▶ Assigned task:
No pictures in the copy, please: retype all the records exactly.

▶ Extracted entries:
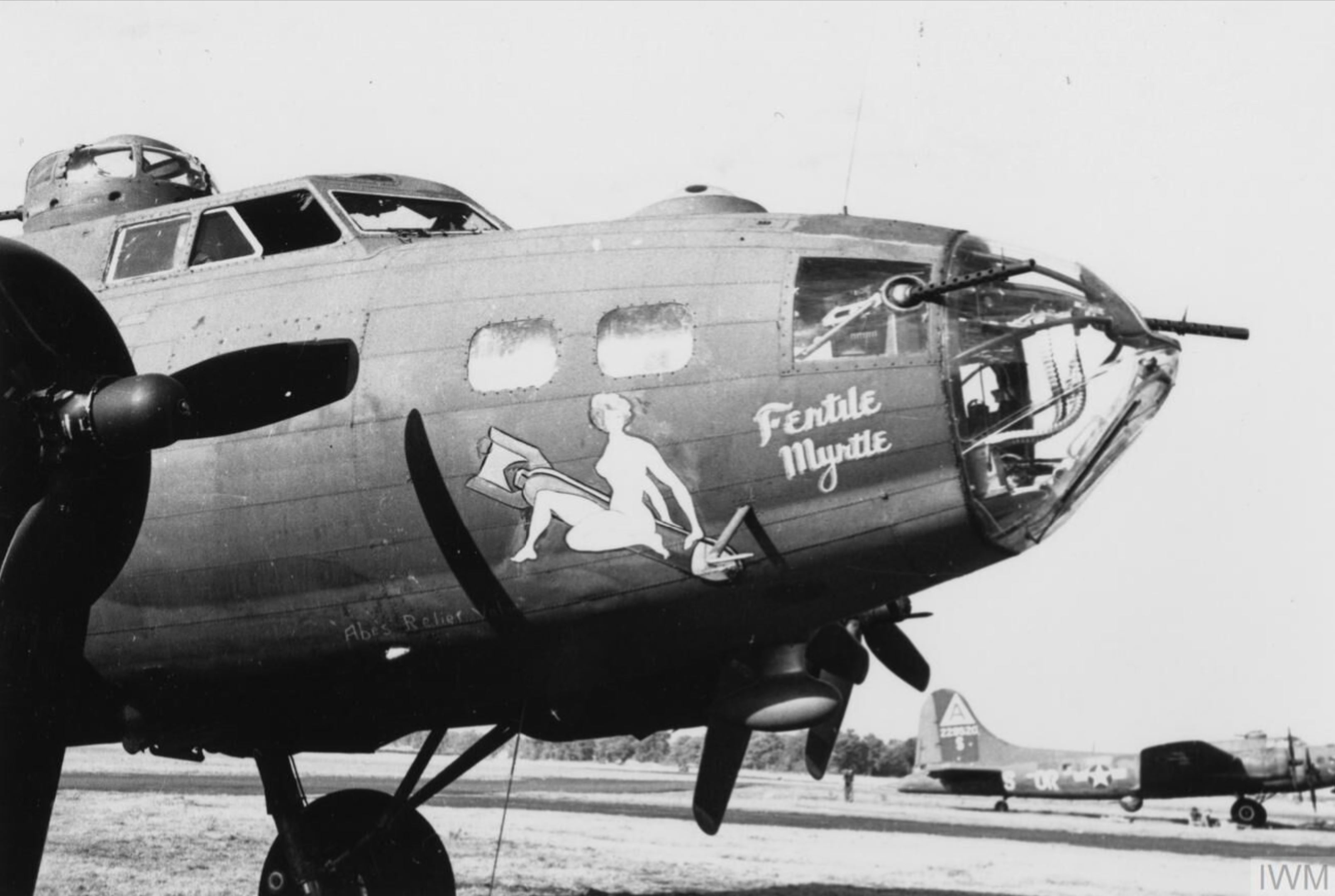 Boeing B 17F Fortress 8AF 91BG323BS OR Fertile Myrtle nose art right side FRE3664
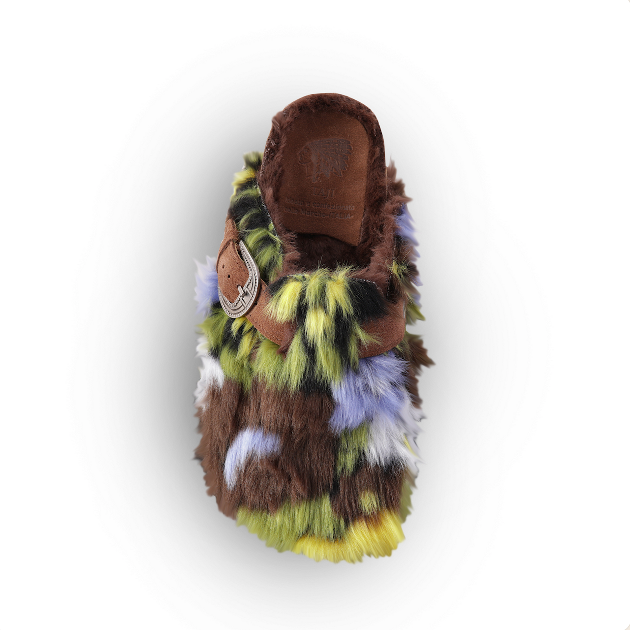 Sabot con 1 fibbia, tomaia in eco-pelliccia melange multicolor e suola anatomica foderata in eco-pelliccia color marrone.
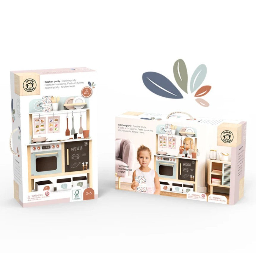 Con la cucina in legno Speedy Monkey i bambini diventano piccoli chef e usando la loro immaginazione cucinano come gli adulti, sviluppando capacità pratiche ma anche abilità sociali.
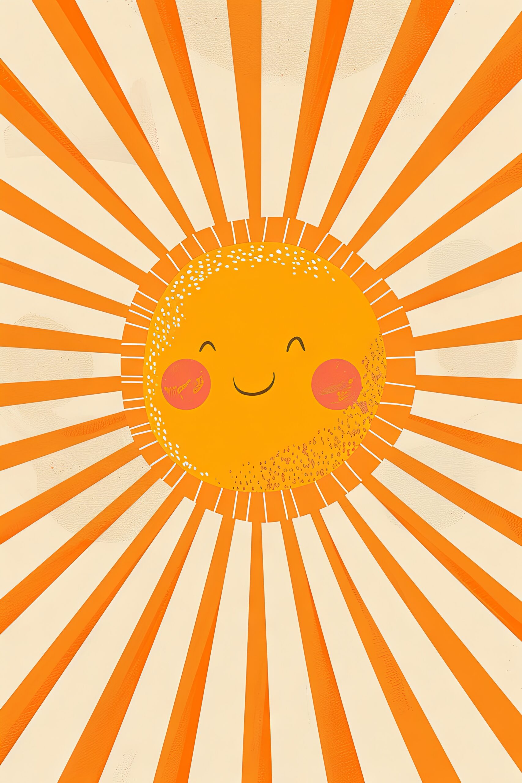 Die Sonne mit ihrem freundlichen Ausdruck wirkt fast greifbar, durch die großen Wangen in Rosa erhält sie einen charmanten Charakter. Die Strahlen fächern rhythmisch von der Mitte aus, strukturieren das Bild und verleihen ihm Dynamik und Wärme.
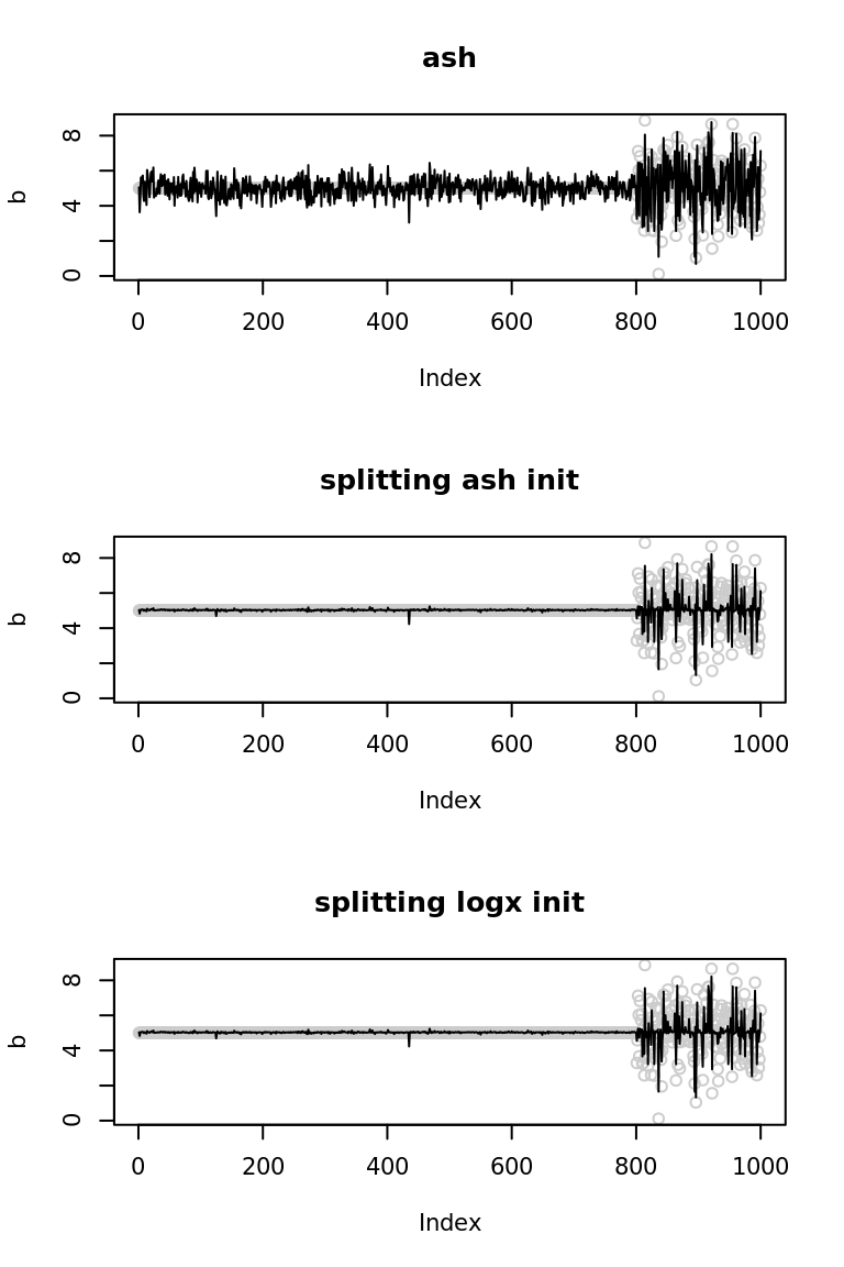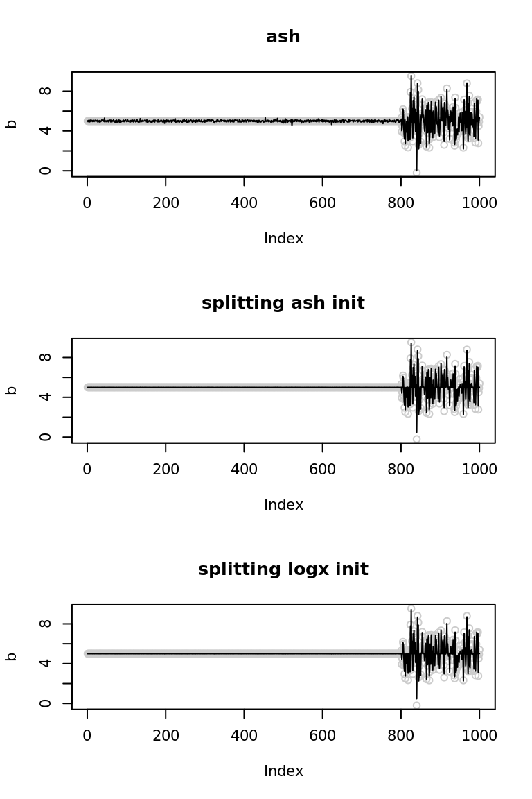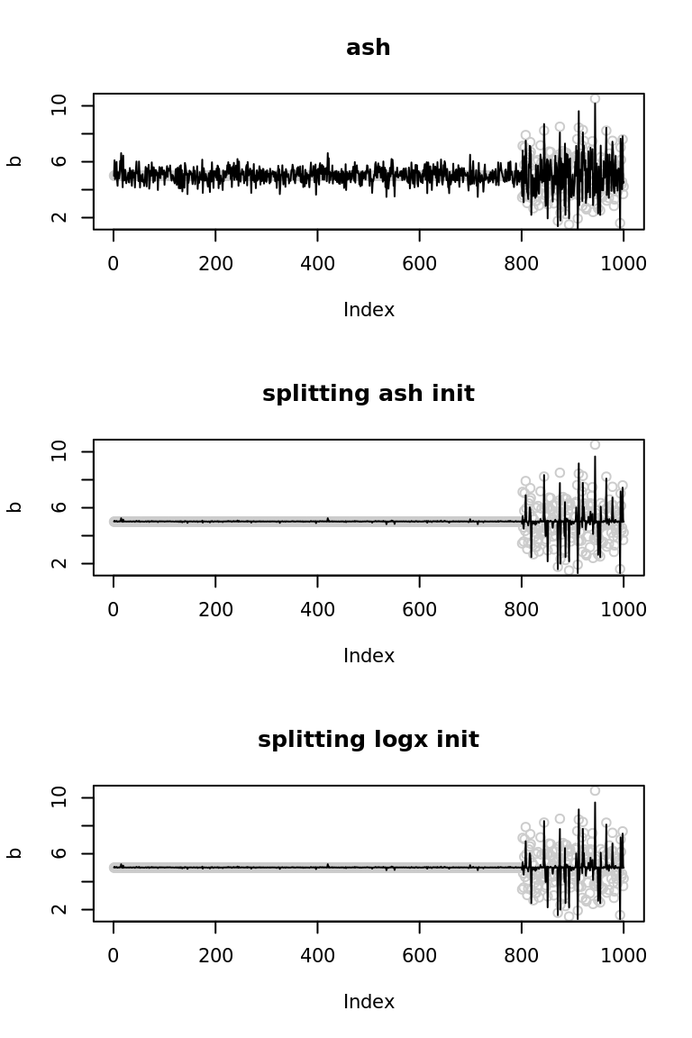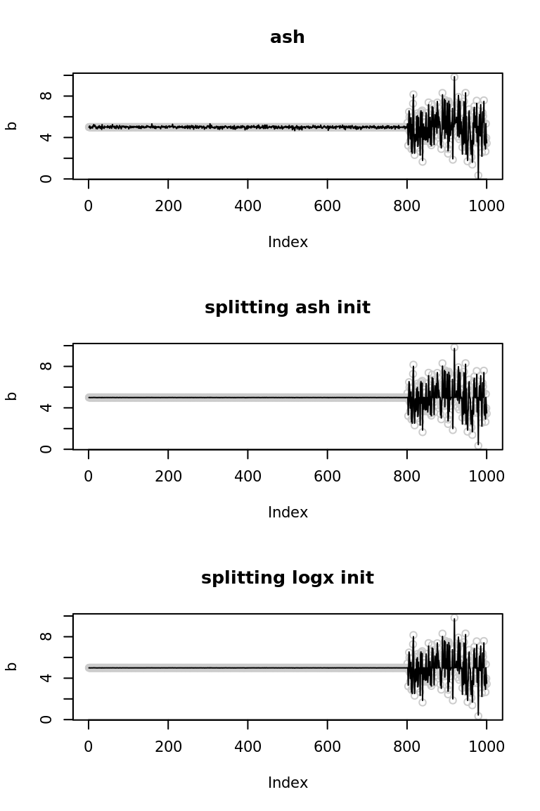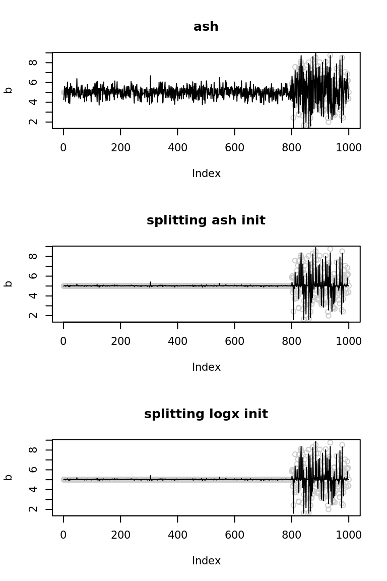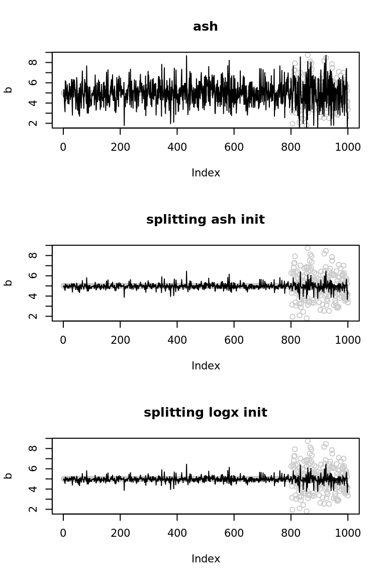 plot(b,col='grey80',ylab='b',main='splitting logx init')
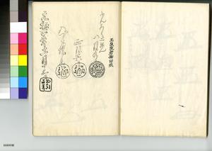 | 解説 | 社寺・諸士・町在に伝えた前田家の判印を影印したもの。嘉永7年の成立。前田利家~綱紀の歴代藩主と,芳春院,玉泉院,前田利政,利次の判・印を収む。 |
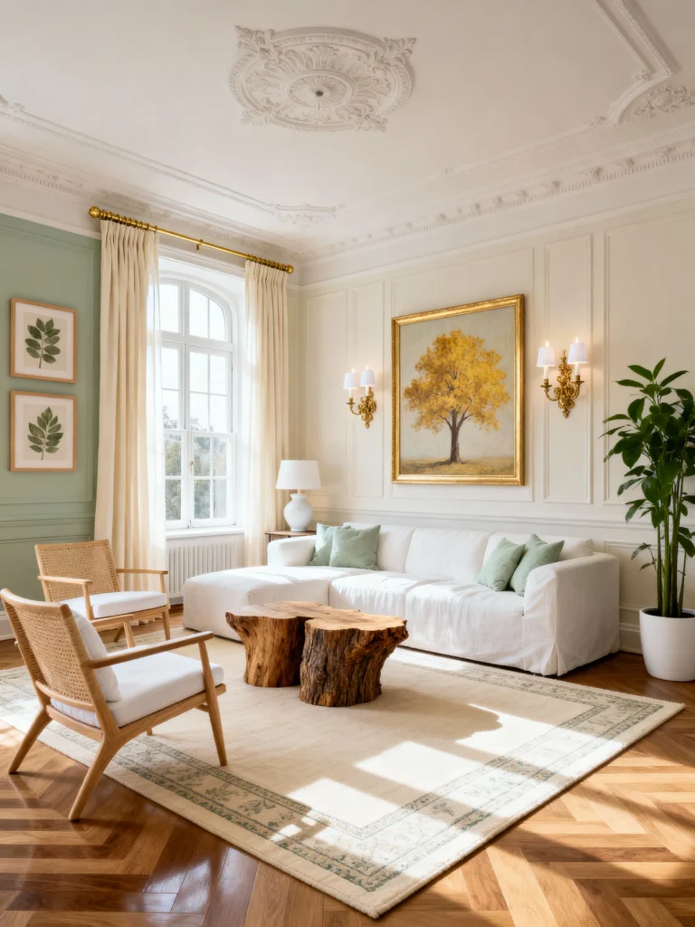 Paint your walls a deep, heritage sage green to ground the space in history. Choose a buttery cream leather sofa and pair it with a classic beige patterned wingback chair. Lay down a deep navy rug to contrast beautifully with the warm hardwood floors. Mount a heavy, gold-framed oil painting of a landscape as your focal point. Use traditional brass lamps to cast a warm, library-like glow.
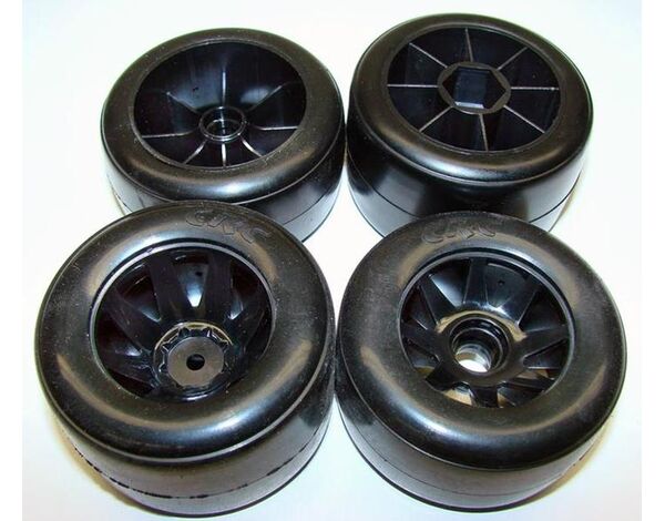 The new #2320 mounted tires are now available. Take them out of the bag and go have fun. High performance RT-1 tires that have proven themselves in the World GT-R category of racing. Same high performance, belted tire with great grip and durability. The RT-1 tire has ZERO degradation, as fast on run 20 as race 1. The RT-1 has super long wear, providing multiple SEASON of use on carpet surfaces. Now these awesome tires are available pre-glued to the best rim in the business, the CRC F1 Promount. Available as a set of 4 only.

▶ Written answer:
 Boeing B 17F Fortress 8AF 91BG323BS OR Fertile Myrtle nose art right side FRE3664
 Sabot con 1 fibbia, tomaia in eco-pelliccia melange multicolor e suola anatomica foderata in eco-pelliccia color marrone.
 Con la cucina in legno Speedy Monkey i bambini diventano piccoli chef e usando la loro immaginazione cucinano come gli adulti, sviluppando capacità pratiche ma anche abilità sociali.
 Die Sonne mit ihrem freundlichen Ausdruck wirkt fast greifbar, durch die großen Wangen in Rosa erhält sie einen charmanten Charakter. Die Strahlen fächern rhythmisch von der Mitte aus, strukturieren das Bild und verleihen ihm Dynamik und Wärme.
 plot(b,col='grey80',ylab='b',main='splitting logx init')
 | 解説 | 社寺・諸士・町在に伝えた前田家の判印を影印したもの。嘉永7年の成立。前田利家~綱紀の歴代藩主と,芳春院,玉泉院,前田利政,利次の判・印を収む。 |
 Paint your walls a deep, heritage sage green to ground the space in history. Choose a buttery cream leather sofa and pair it with a classic beige patterned wingback chair. Lay down a deep navy rug to contrast beautifully with the warm hardwood floors. Mount a heavy, gold-framed oil painting of a landscape as your focal point. Use traditional brass lamps to cast a warm, library-like glow.
 The new #2320 mounted tires are now available. Take them out of the bag and go have fun. High performance RT-1 tires that have proven themselves in the World GT-R category of racing. Same high performance, belted tire with great grip and durability. The RT-1 tire has ZERO degradation, as fast on run 20 as race 1. The RT-1 has super long wear, providing multiple SEASON of use on carpet surfaces. Now these awesome tires are available pre-glued to the best rim in the business, the CRC F1 Promount. Available as a set of 4 only.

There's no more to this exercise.